LA PRIERE QU’IL FAUT
ADRESSER A DIEU
Puis Notre Seigneur après s’être arrêté un grand moment, ajouta en regardant les instruments de son œuvre :
<< Mes
bien-aimés, priez moi souvent de la sorte* :
Père
infiniment bon , qui voudriez sauver tous vos enfants, doux Jésus pour votre
gloire, pour l’honneur de votre Mère et pour l’amour des âmes que vous avez
rachetées de votre sang, hâtez l’accomplissement des désirs(1) de votre
cœur ; et par le cœur souffrant de votre Mère(2)

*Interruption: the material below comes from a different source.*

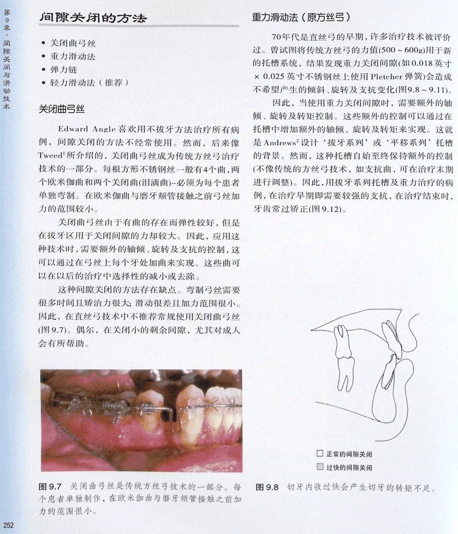 间隙关闭的方法:关闭曲弓丝、重力滑动法

Immaculée, répandez(3) sur le monde entier ce torrent de paix, de
miséricorde et d’amour que vous ne pouvez plus contenir. >>
NDAG 326
* La prière que nous laisse Sœur Marie du Bon Pasteur rejoint
étonnamment la prière d’acte d’offrande de Sainte Thérèse de l’Enfant Jésus,
sur 3 points : _Ce désir de Dieu de répandre son Amour _La nécessité de
coopération de la Vierge Marie _L’attribut de la Miséricorde à cet Amour infini
de Dieu.
Je m’offris à lui pour supporter tout ce qu’il voudrait m’envoyer, pourvu qu’il fût content et que les âmes fussent sauvées… N.S. me dit :
<< Tu(3)
commences à entendre les désirs de mon Cœur ; sois sans crainte : car
où trouver une mère qui frappe ses enfants pour lui faire du mal lorsqu’il se
jette avec abandon dans ses bras ?
Ne sais tu** pas que je t’aime infiniment plus que toutes les
mères ensemble n’aiment leurs enfants ? >>
** Avait-elle lu Isaïe 49, 15 ? « Une mère peut-elle oublier un enfant qu’elle allaite, &
n’avoir point de compassion du fils qu’elle a porté dans ses entrailles ? mais quand même elle l’oublierait, pour moi
je ne vous oublierai jamais. »
P. Lhande, Le Bon Pasteur 1928, Ste Jeanne d’Arc : ’’Ceci est de Dieu!… le bon conseil, le
confort et la bonne doctrine (de St Michel).’’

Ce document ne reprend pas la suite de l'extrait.